Exercise aim: Could you transcribe all of the data exactly and skip any pictures?

Data for this exercise:
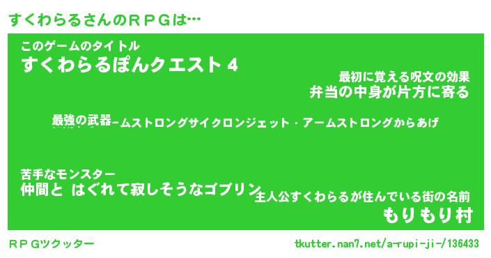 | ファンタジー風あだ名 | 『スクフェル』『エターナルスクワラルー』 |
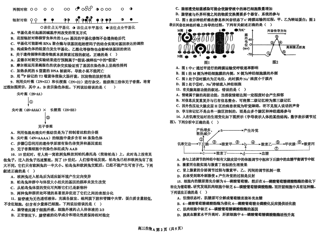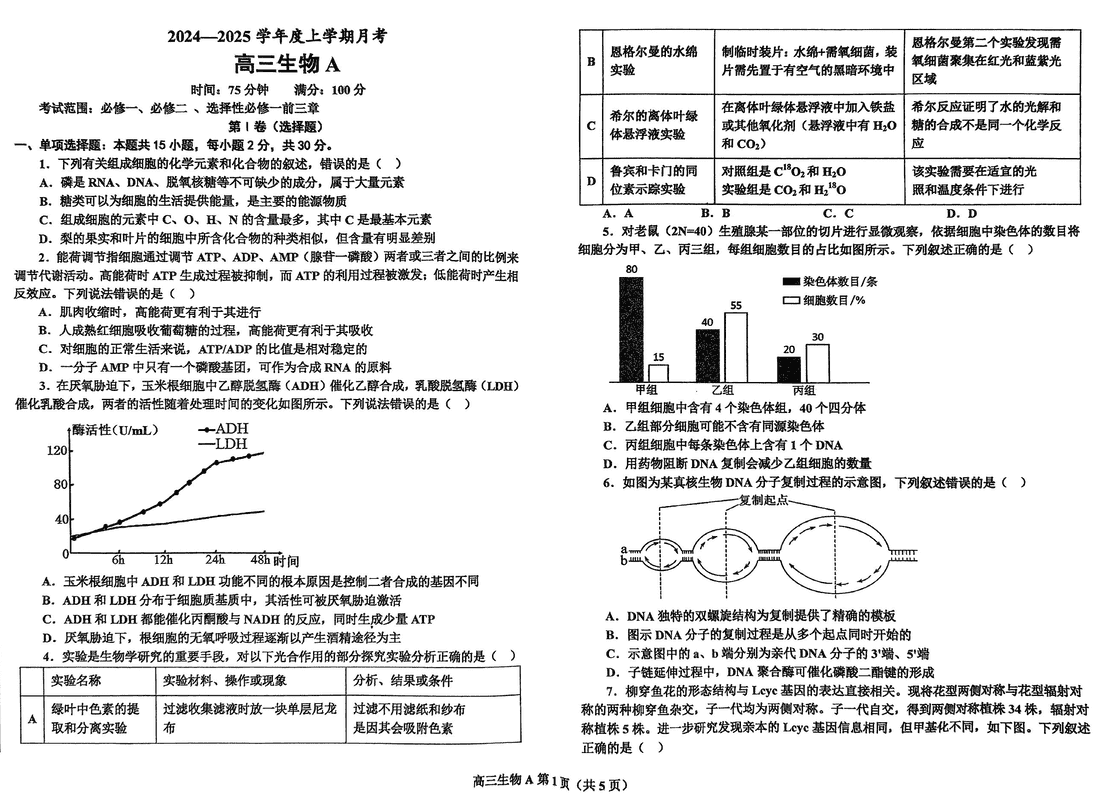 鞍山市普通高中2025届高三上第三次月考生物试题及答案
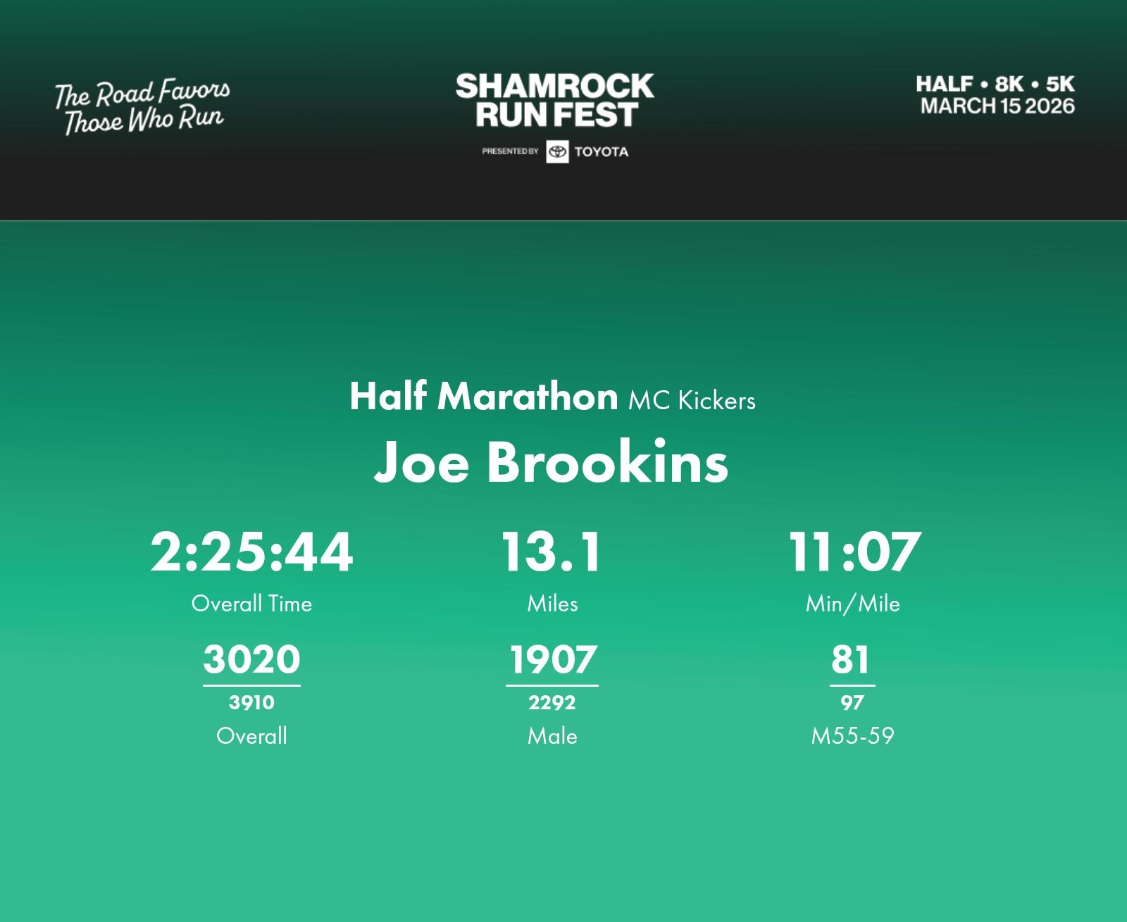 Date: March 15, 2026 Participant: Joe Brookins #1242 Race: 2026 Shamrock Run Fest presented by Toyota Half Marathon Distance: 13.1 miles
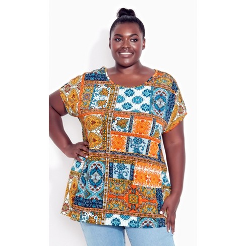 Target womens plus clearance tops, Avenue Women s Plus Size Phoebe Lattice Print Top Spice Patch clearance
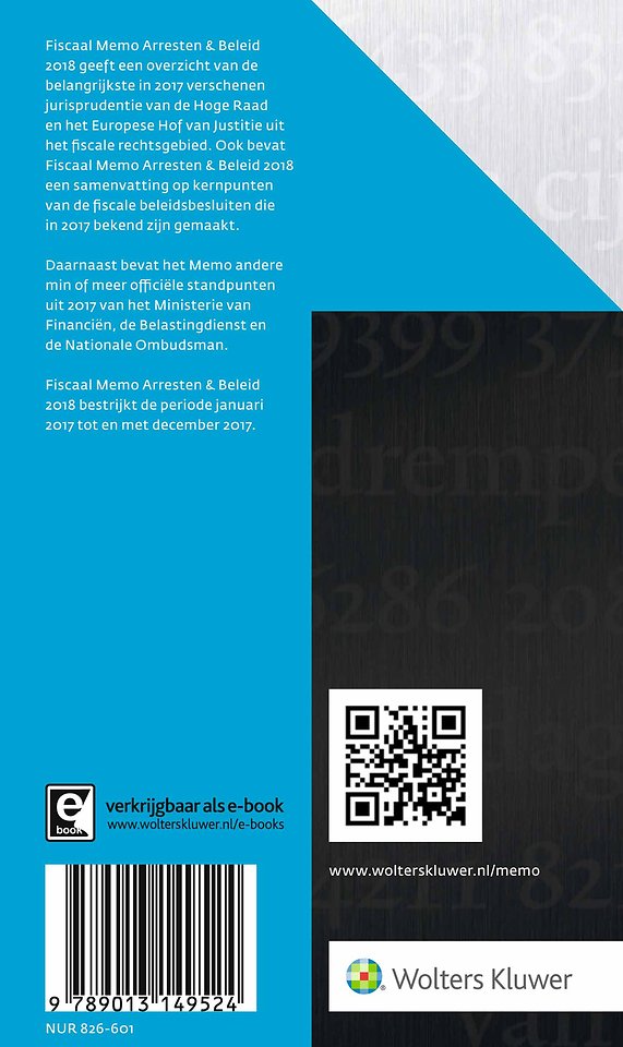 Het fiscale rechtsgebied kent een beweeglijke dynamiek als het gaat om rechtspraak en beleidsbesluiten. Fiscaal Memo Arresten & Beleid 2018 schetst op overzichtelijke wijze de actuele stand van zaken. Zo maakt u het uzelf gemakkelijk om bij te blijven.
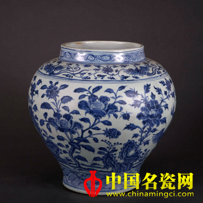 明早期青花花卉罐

Output:
 | ファンタジー風あだ名 | 『スクフェル』『エターナルスクワラルー』 |
 鞍山市普通高中2025届高三上第三次月考生物试题及答案
 Date: March 15, 2026 Participant: Joe Brookins #1242 Race: 2026 Shamrock Run Fest presented by Toyota Half Marathon Distance: 13.1 miles
 Target womens plus clearance tops, Avenue Women s Plus Size Phoebe Lattice Print Top Spice Patch clearance
 Het fiscale rechtsgebied kent een beweeglijke dynamiek als het gaat om rechtspraak en beleidsbesluiten. Fiscaal Memo Arresten & Beleid 2018 schetst op overzichtelijke wijze de actuele stand van zaken. Zo maakt u het uzelf gemakkelijk om bij te blijven.
 明早期青花花卉罐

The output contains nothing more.